Flora, ce n’est pas un jeu. Il nous faut un vrai pilote. Je sais piloter l’avion. Je la fixai du regard. Quoi ? Je sais piloter l’avion. Mon père est pilote. Le commandant Rob Daniels. Il travaille pour Alaska Airlines. Il m’entraîne depuis que j’ai sept ans. Je sais piloter. Tom Richardson rit. Pas méchamment, juste par incrédulité. Petite, c’est un Boeing 737.

Impossible. Je sais que c’est un 737800. J’ai piloté ce modèle précis sur simulateur avec mon père. Je connais les instruments. Je connais les procédures. Je sais comment communiquer avec le contrôle aérien. J’ai regardé cette fillette de 11 ans, petite pour son âge, les yeux marrons sérieux, parfaitement calme.

 

Flora, j’apprécie que tu veuilles m’aider, mais qu’est-ce que c’est ? Elle désigna un indicateur sur le tableau de bord. Tom regarda. Je ne sais pas. C’est l’indicateur de rapport de pression moteur. EPR. Il indique la poussée des moteurs. Celui-ci, c’est l’indicateur de vitesse verticale. Il indique si nous montons ou si nous descendons. Ça, c’est l’indicateur d’assiette. Il indique si nous sommes à l’horizontale ou inclinés. Elle désigna un instrument après l’autre, les nommant et les expliquant.

J’ai eu la bouche sèche. C’est le pilote automatique. Il est activé. Maintien d’altitude à 35 000 pieds. Cap 285, vitesse 420 nœuds. Tom Richardson la fixait. Comment sais-tu tout ça ? Je te l’ai dit. Mon père me l’a appris. Tous les week-ends depuis mes sept ans, on va au simulateur de vol. Il dit que c’est important que je sache piloter, au cas où. Elle m’a regardé.

C’était par précaution.

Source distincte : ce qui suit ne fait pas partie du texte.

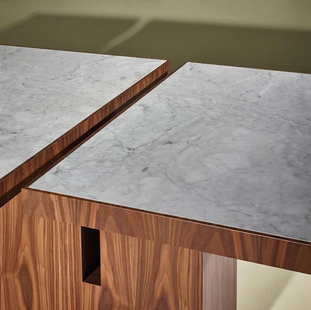 Dining table with tops in Carrara marble.Bespoke / customizableIdentical shapes with different sizes and finishings.All RAL colors available. (Mate / half gloss / gloss).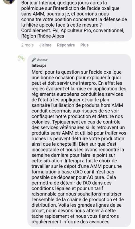 cela n est que la reflexion d un vielle api 85ans qui a conduit 500ruches pendant 60ansLa réponse est intéressante mais je trouve bizarre (désolé je dois faire parti de ceux qui voient le mal partout. ..) que interapi ne nous en ait pas sorti un mot sur quel média que ce soit !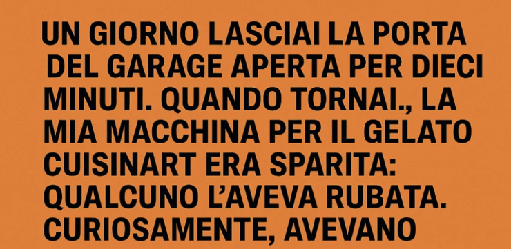 Un giorno lasciai la porta del garage aperta per dieci minuti. Quando tornai, la mia macchina per il gelato Cuisinart era sparita: qualcuno l’aveva rubata. Curiosamente, avevano preso la macchina ma non la ciotola necessaria per fare il gelato.

J’aurais dû lui dire de s’asseoir. Laissons les adultes gérer la situation, mais Tom Richardson était incapable de piloter cet avion. Le capitaine Wright était inconscient. Le copilote Newman s’affaiblissait rapidement. Flora avait 11 ans, mais elle était la seule à bord à savoir à quoi servaient ces instruments.

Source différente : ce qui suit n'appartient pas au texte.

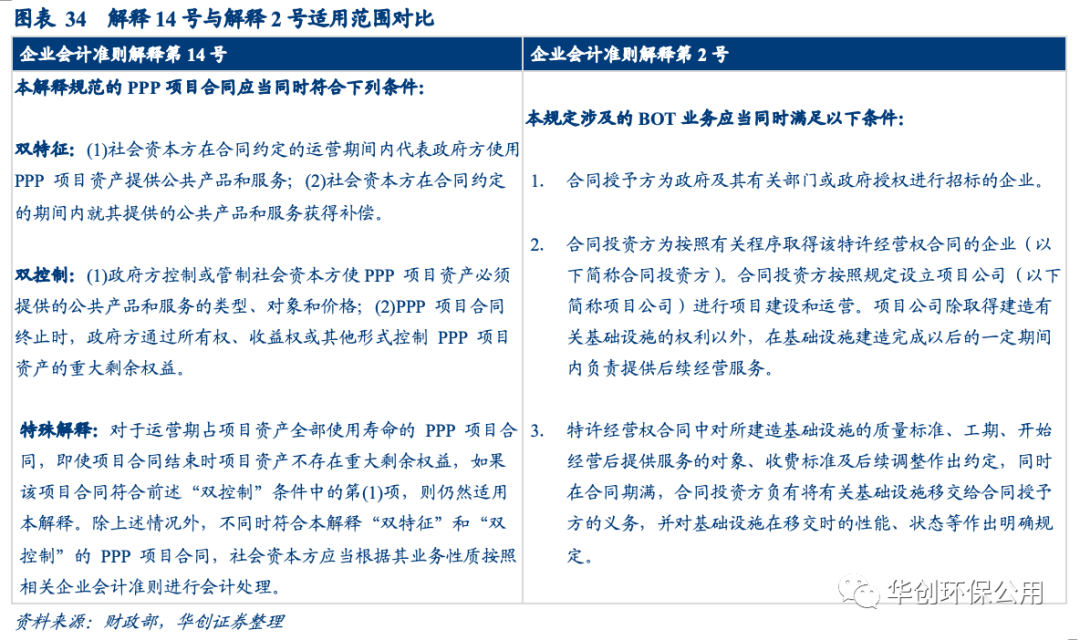解釋14號對適用范圍做出了更詳細的說明,應(yīng)當符合“雙控制”與“雙特征”。解釋2號僅對“合同授予方”、“合同投資方”、“特許經(jīng)營權(quán)”等關(guān)鍵名詞做出解釋而解釋14號則對適用范圍做出明確說明——滿足“雙控制”與“雙特征”條件,并對運營期占項目資產(chǎn)全部使用壽命項目、不符合“雙控制”與“雙特征”條件項目的處理方法做出解釋。

« D’accord », me suis-je entendue dire. « D’accord, assieds-toi. » Flora s’installa dans le siège du pilote. Ses pieds atteignaient à peine les pédales. Elle avança le siège, puis regarda le tableau de bord comme si elle lisait un livre familier. « Première chose à faire : contacter le contrôle aérien. Les informer de la situation. » Elle prit la radio et appuya sur le bouton.